COVID 19: What this women did, is what we need right now.

Covered in a burqa from head to toe, 32-year-old Imrana Saifi is not the typical visitor to the Nav Durga Temple in North Delhi’s Nehru Vihar.

But the coronavirus crisis has thrown up striking images of communal harmony from the district that saw deadly clashes just over two months ago.

With a disinfectant spray in hand, Imrana Saifi has taken up the responsibility of sanitising several of the temples, mosques and gurdwaras lining the neighbourhood.

The mother of three observes the day-long fast for the holy month of Ramzan but does not fail to show up every day with the sanitiser tank provided by the local residential welfare association.

The priests welcome and even help her as she requests permission to spray the disinfectant inside and outside the temples in the north Delhi neighbourhood.

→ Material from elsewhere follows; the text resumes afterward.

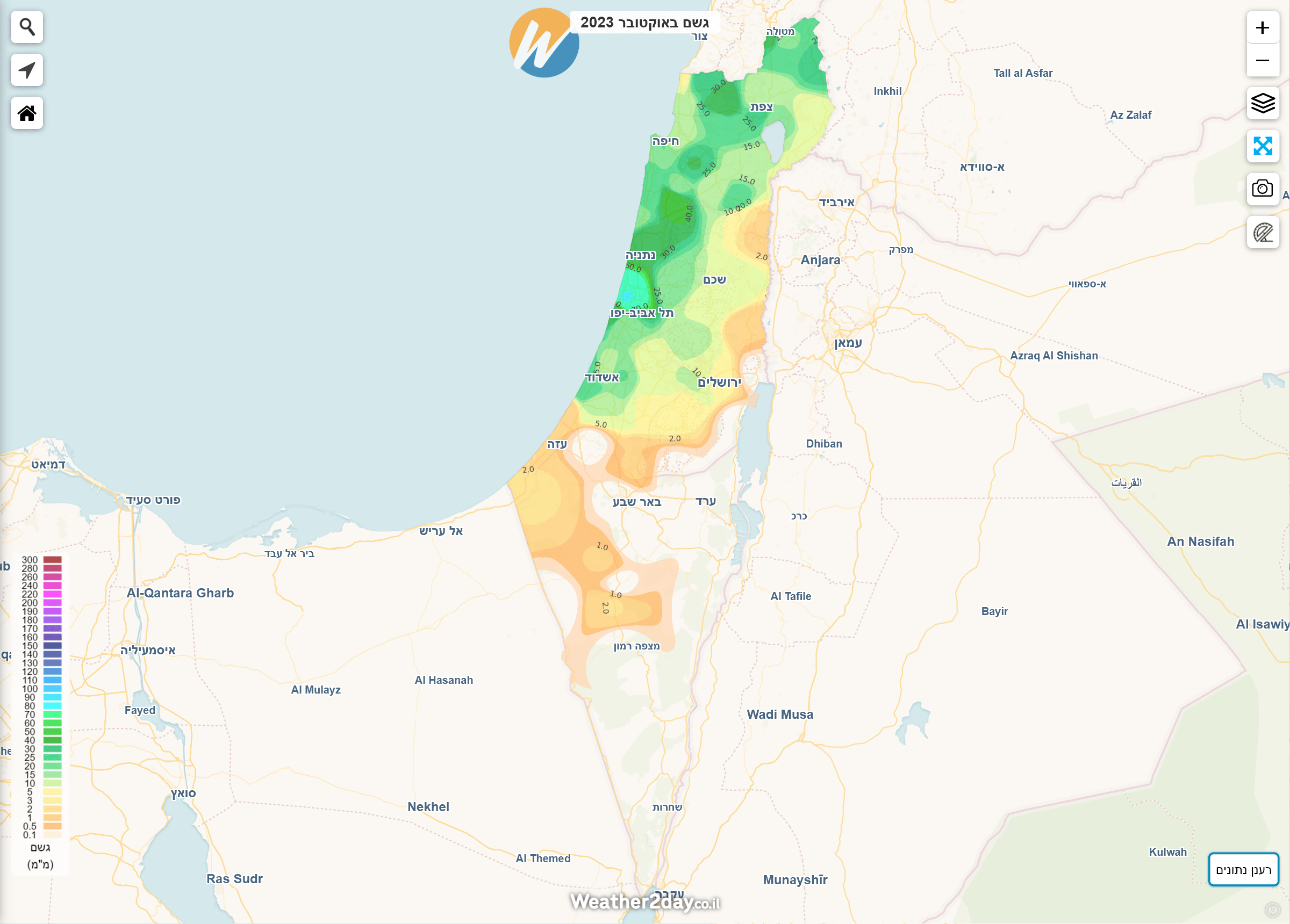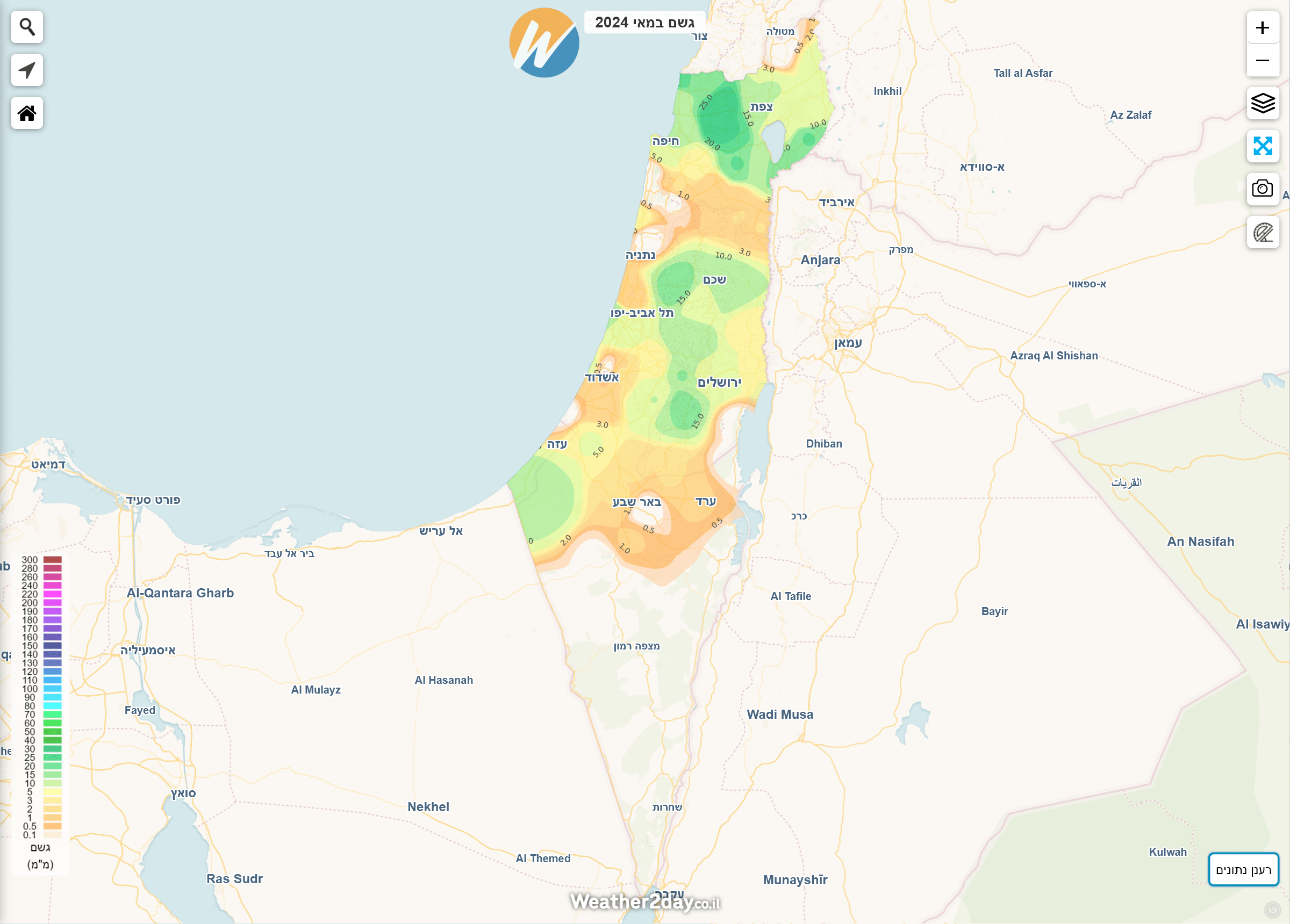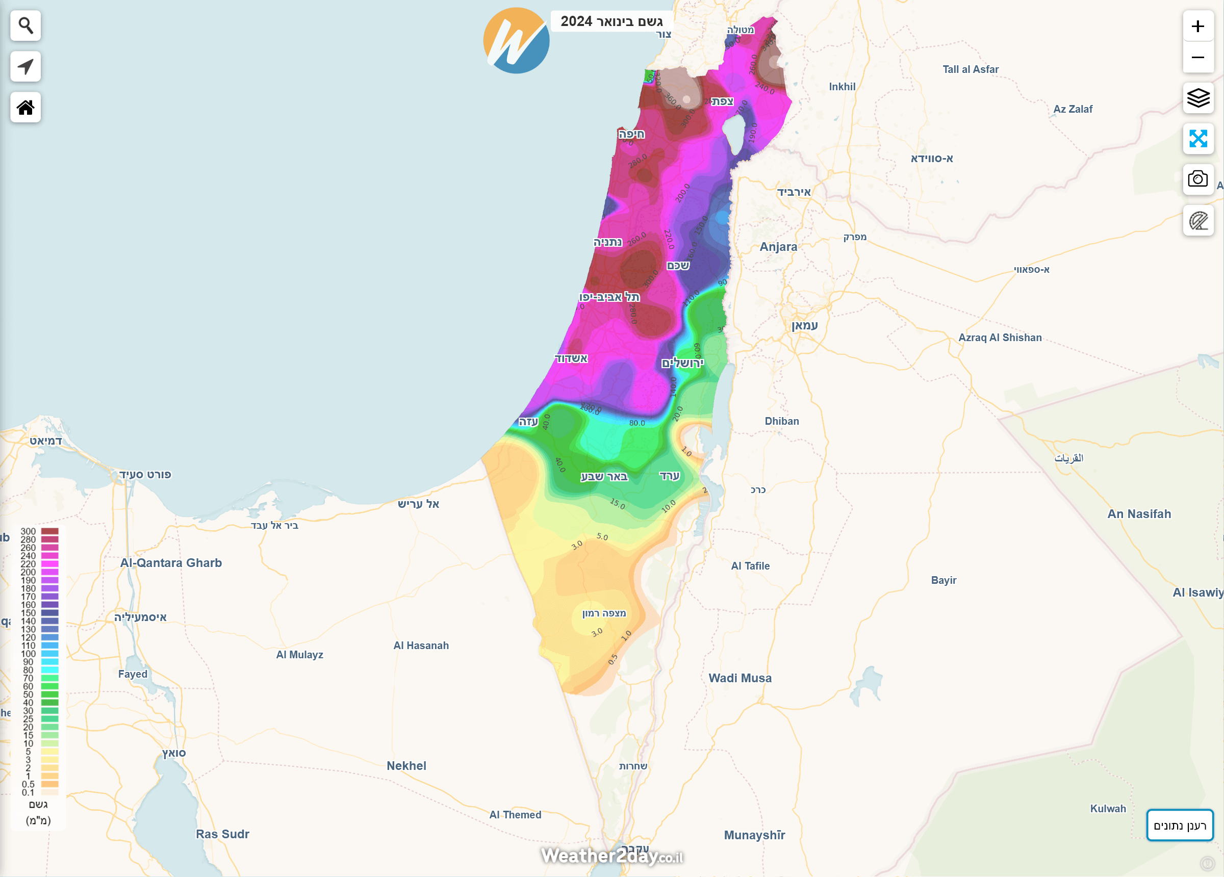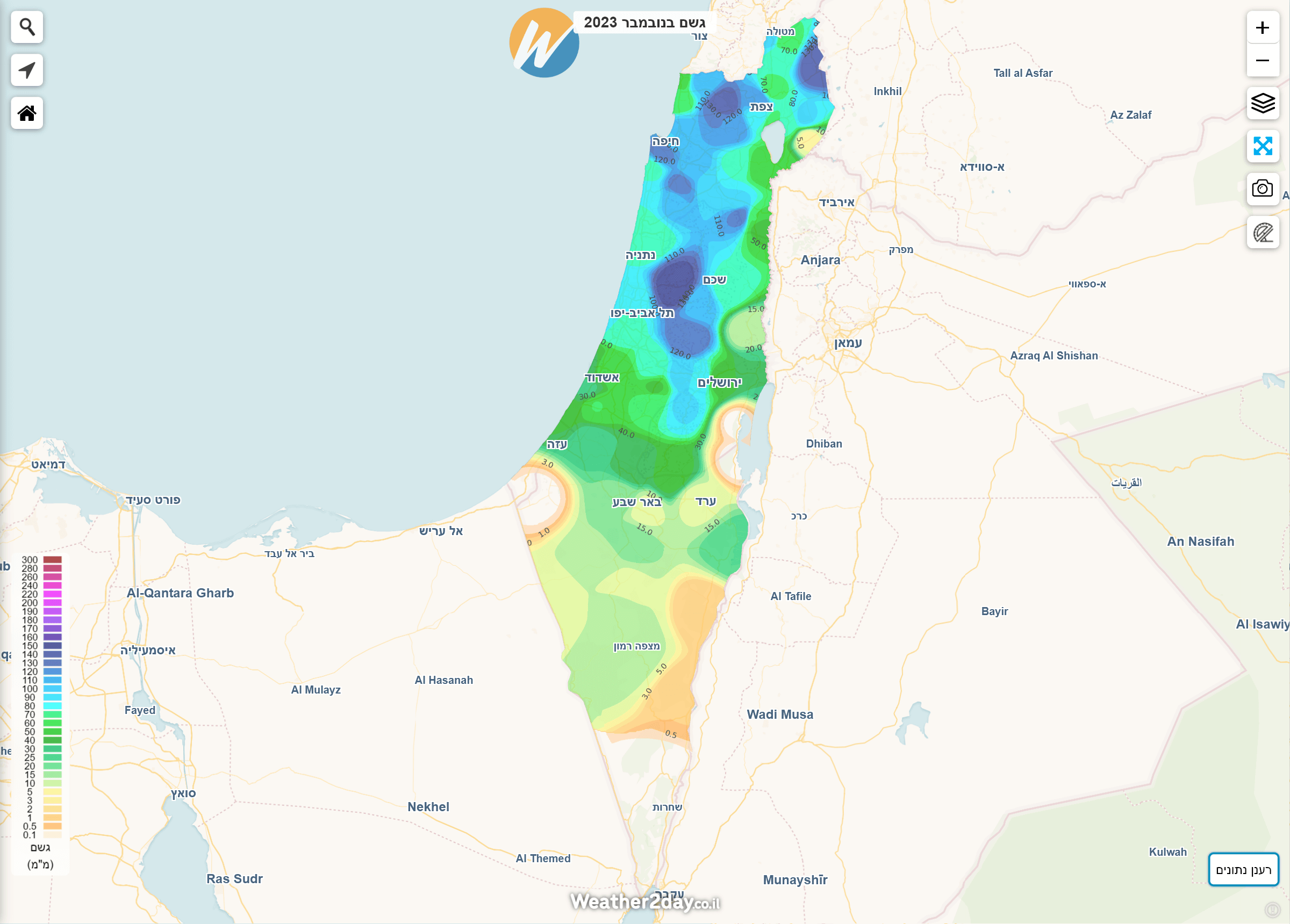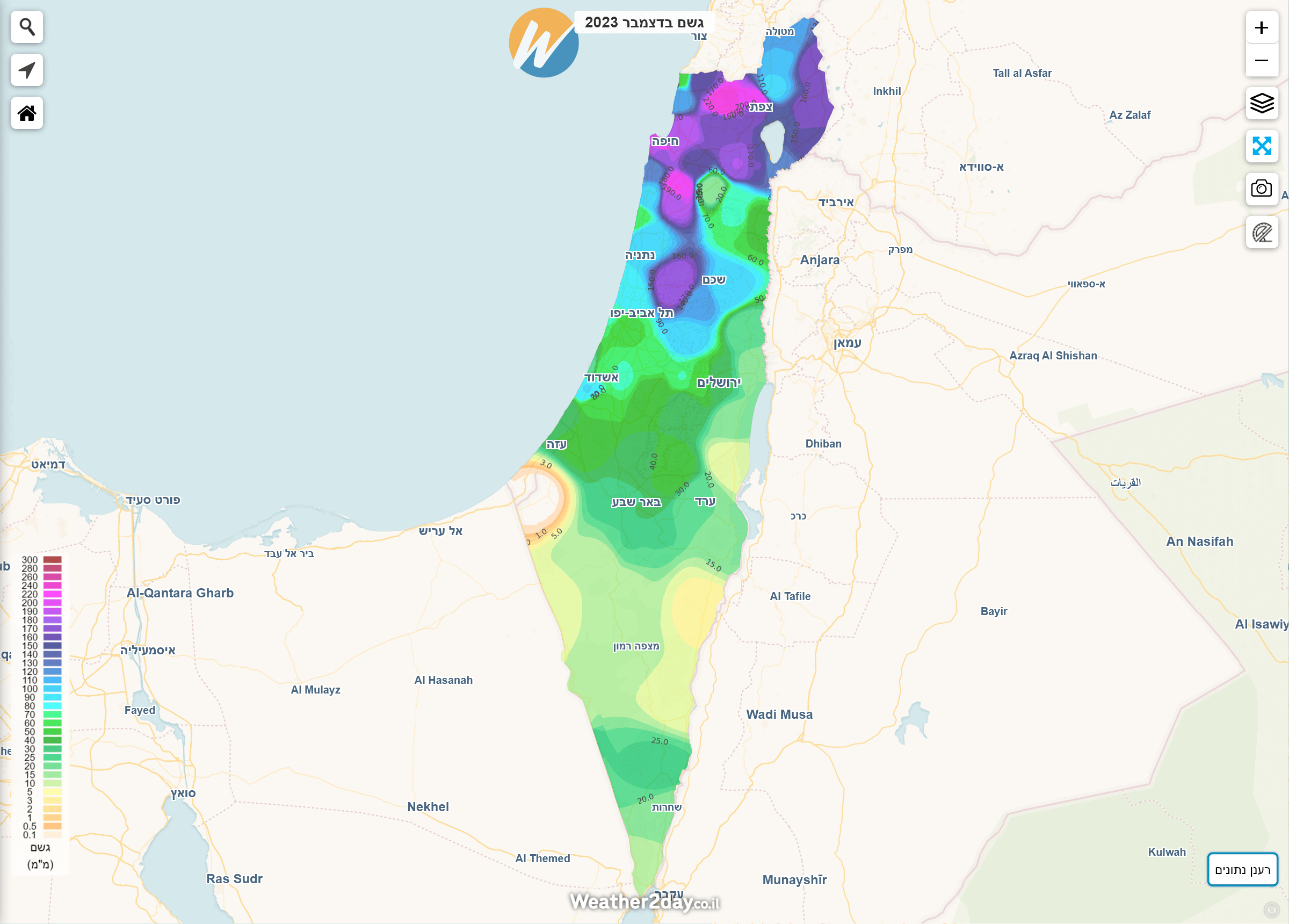 הסיכום הבא משלב נתונים מרכזיים לפי חודש יחד עם מפות חום המציגות את כמויות המשקעים בצורה נוחה יותר על גבי מפה. ניתן לגשת למפות אלו באמצעות מנוי פרימיום דרך תפריט מכם הגשם על מפת מזג האוויר של האתר. בעקבות המלחמה, חלק מנתוני התחנות בצפון הארץ וביישובי העוטף לא מדדו נתוני מזג אוויר במלואם. היות והאלגוריתם הייחודי שבנינו לא "מעגל פינות" ייתכנו חורים בתצוגה באזורים בהם חסרים או לא נמדדו משקעים למרות שבפועל ירד. נקווה שבעונה הבאה כל התחנות יחזרו לפעול במלואן.

Imrana, who has studied only till the seventh grade, had also made arrangements to help people affected by the violence in late February over the controversial Citizenship Amendment Act (CAA).

She has made her own team of “corona warriors” with three other women from the area who are now working amid the COVID-19 outbreak.

In the narrow lanes of Jafrabad, Mustafabad, Chandbagh, Nehru Vihar, Shiv Vihar, Babu Nagar, they say they don’t differentiate between the mosques that play out the azaan and the temples with their ringing bells.

“I want to uphold the secular culture of India. I want to send a message that we are all one and we will stay together,” Imrana said.

“We aren’t stopped by the temple priest or anyone else and we haven’t faced any difficulty as of now,” she added.

The priest of Nehru Vihar’s Nav Durga Mandir of Nehru Vihar, Pandit Yogesh Krishna told NDTV: “Such steps are welcome for communal harmony and we must support each other. We must discard hatred and adopt love and be the each other’s well-wishers.”

Imrana’s husband Niyamat Ali is a plumber by profession and Imrana has to work as well to make ends meet.

But both of them are currently out of work because of the nationwide COVID-19 lockdown and it has been difficult to make a living.

Taking time out from household chores and caring for her three children, she has made community service her mission.

“People are aware that it is a dangerous disease that is why we don’t face any problem on our sanitisation drive. The pandemic has brought the communities together,” she said.